# Streaming DirecTV to iPhone with Orb



## azcoyote85044

If you've been eagerly looking forward to the day when you can stream live DirecTV to your iPhone, it's already possible to do this without a Slingbox and soon-to-be-released Slingbox iPhone app. I just set up live streaming of DirecTV from my HR23 HD DVR to my iPhone 3G a few days ago using the free Orb software for Windows PC and the $9.99 Orb Live iPhone app. This setup works GREAT! Video quality is excellent at WiFi speeds and very acceptable over 3G with some occasional buffering depending on how good your 3G signal is. My co-workers were amazed today when I showed them that I could stream the Opening Day MLB Extra Innings ballgames to my iPhone over the office WiFi.

In order to use Orb to stream DirecTV to your iPhone, you'll need the following...

1. Windows PC at home close to a DirecTV receiver/dvr (SD or HD). It needs to be at least a 2GHz P4 or greater running XP Media Center or Vista Home Premium/Ultimate. More System Requirements details at http://support.orb.com/docs/getting-system-requirements.htm

2. Media Center compatible TV tuner with built-in MPEG2 encoder and inputs for S-video and audio L/R. I'm using the external Hauppague WinTV-HVR-1950 USB tv tuner http://www.hauppauge.com/site/products/data_hvr1950.html

2. Media Center remote control with infrared receiver/IR blaster. You'll need the IR receiver/blaster in order to change channels on your DirecTV receiver through Orb.
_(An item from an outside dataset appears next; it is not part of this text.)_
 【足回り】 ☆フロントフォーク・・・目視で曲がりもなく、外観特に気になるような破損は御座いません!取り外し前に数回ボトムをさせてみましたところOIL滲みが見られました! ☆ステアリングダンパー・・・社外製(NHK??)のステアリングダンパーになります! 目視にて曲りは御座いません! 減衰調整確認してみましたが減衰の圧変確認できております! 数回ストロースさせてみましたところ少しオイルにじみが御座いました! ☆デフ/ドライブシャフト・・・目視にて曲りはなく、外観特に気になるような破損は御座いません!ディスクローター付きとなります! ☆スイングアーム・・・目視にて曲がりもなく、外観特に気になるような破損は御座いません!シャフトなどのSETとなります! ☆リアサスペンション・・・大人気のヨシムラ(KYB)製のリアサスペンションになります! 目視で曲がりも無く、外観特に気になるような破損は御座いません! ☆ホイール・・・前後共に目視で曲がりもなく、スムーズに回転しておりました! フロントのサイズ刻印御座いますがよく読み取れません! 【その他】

If you don't have one, these can be purchased from Amazon for $19.99 plus shipping. http://www.amazon.com/Windows-Certified-Infrared-Receiver-Ultimate/dp/B000ST7QPA/ref=pd_bbs_sr_3?ie=UTF8&s=electronics&qid=1239073175&sr=8-3

3. Free Orb software for Windows. http://www.orb.com

4. Orb Live iPhone app. Available from the App Store for $9.99.

If you have a media center PC, like those by HP, you may already have the tv tuner and Media Center remote/infrared hardware. All you'll need to do is install the free Orb software and purchase the $10 iPhone app.
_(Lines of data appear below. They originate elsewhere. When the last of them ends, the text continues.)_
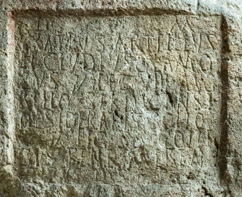 - D(is) M(anibus) / Gratius Artilleus / Clodius Glamosus / ||(centuriones) leg(ionis) VIII Aug(ustae) / bello Serdicensi / desideratis scho/la ||(centurionum) leg(ionis) s(upra) s(criptae) colle/gis bene meren/tibus d(e) s(e)
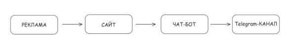 Воронки бывают длинные и короткие. Длинные воронки используют разные источники трафика, а короткие – оформлены внутри одной площадки, например, в том же Telegram. Давай я приведу пока общий пример, чтобы стало понятно, о чем речь.
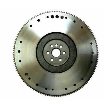 Flywheels are typically made from materials that can withstand high stress load, such as cast iron or steel. The increased mass allows for greater energy storage capacity. The shape of the flywheel is circular in shape, and it is mounted on the engine's crankshaft.

Connect your DirecTV receiver to the tv tuner using the S-Video and audio L/R outputs. And hook up the the IR blaster cable from the Media Center infrared receiver to the front of your DirecTV receiver where the IR sensor is located.

Before you launch the Orb Windows install, you'll first set up your tv tuner in Windows Media Center using the Settings > Set up TV Signal option, selecting the S-Video input and configuring the IR blaster to control your DTV receiver.

Once you have your tv tuner configured in Media Center, you then install Orb. You'll first create an Orb account and then go through the setup wizard for your tuner, selecting the set top box option with S-Video. Orb will automatically pick up the IR blaster configuration from Media Center. Finally you'll set up the program guide, entering your zip code and selecting the DirecTV option for your local area so it includes your locals in the guide.

Once you have Orb set up, you should be good to go. You'll be able to watch DirecTV from any PC by logging into mycast.orb.com with the account you created, or the iPhone app.

The Orb Live iPhone app lists all the DirecTV channels, even those you don't subscribe to. You can't remove the unwanted channels, but there is a better option. When you log in to Orb on a PC, you can set up your favorite tv channels by in the program guide by right-clicking a channel number and rating it 1 to 5 stars. You have access to your favorite tv channels list with the iPhone app. The channels you don't rate will not appear in the favorites. This lets you only list the channels you subscribe to. The channels you rate the highest will appear first in your favorites list.

The iPhone app doesn't have the complete program guide. It only shows what's currently playing on each channel. The new DirecTV iPhone app provides the program guide info I'll need to see what's coming up on each channel.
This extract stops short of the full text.